Every line from the first one in the data below through the line holding "#фото 😊 Небоскрёбы России" is to be written out exactly, with the pictures omitted.

DATA START

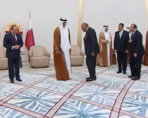 مراسم استقبال الرئيس السيسي في قطر، أقصى اليسار الرئيس السيسي، أمير قطر ووزير الخارجية المصري سامح شكري، يظهر على أقصى يمين الصورة رئيس المخابرات المصرية اللواء عباس كامل.
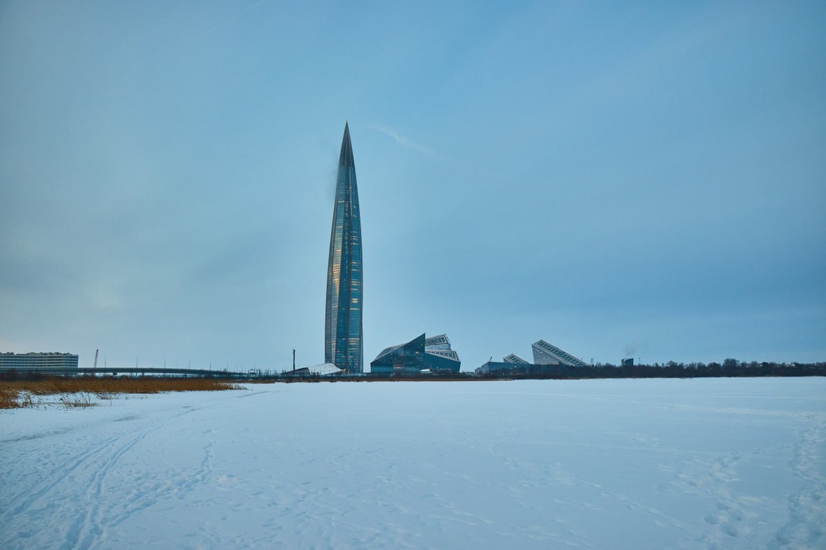 : Вот такой открывается вид на небоскрёб «Лахта Центр» со стороны озера Лахтинский Разлив. Съёмка от 25 февраля 2025 года. Фотограф: Филипп Лепцов #лахтацентр #фото 😊 Небоскрёбы России
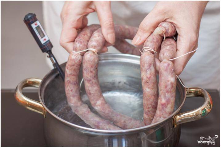 6. Достаньте колбаски из холодильника, дайте им нагреться. Проколите их зубочисткой в нескольких местах, чтобы не лопнули при варке. В широкую кастрюлю налейте воду, нагрейте её до 80 градусов. В горячую воду опустите колбаски, при этом вода практически сразу станет градусов на 10 холоднее. Поставьте кастрюлю на огонь и снова нагрейте воду до 80 градусов. Таким образом и при такой температуре варите колбаски около 20 минут. Если температура будет выше, то фарш может разделится на сваренный фарш и бульон. Венские колбаски готовы!

DATA END

## RESULT OF THE EXERCISE
 مراسم استقبال الرئيس السيسي في قطر، أقصى اليسار الرئيس السيسي، أمير قطر ووزير الخارجية المصري سامح شكري، يظهر على أقصى يمين الصورة رئيس المخابرات المصرية اللواء عباس كامل.
 : Вот такой открывается вид на небоскрёб «Лахта Центр» со стороны озера Лахтинский Разлив. Съёмка от 25 февраля 2025 года. Фотограф: Филипп Лепцов #лахтацентр #фото 😊 Небоскрёбы России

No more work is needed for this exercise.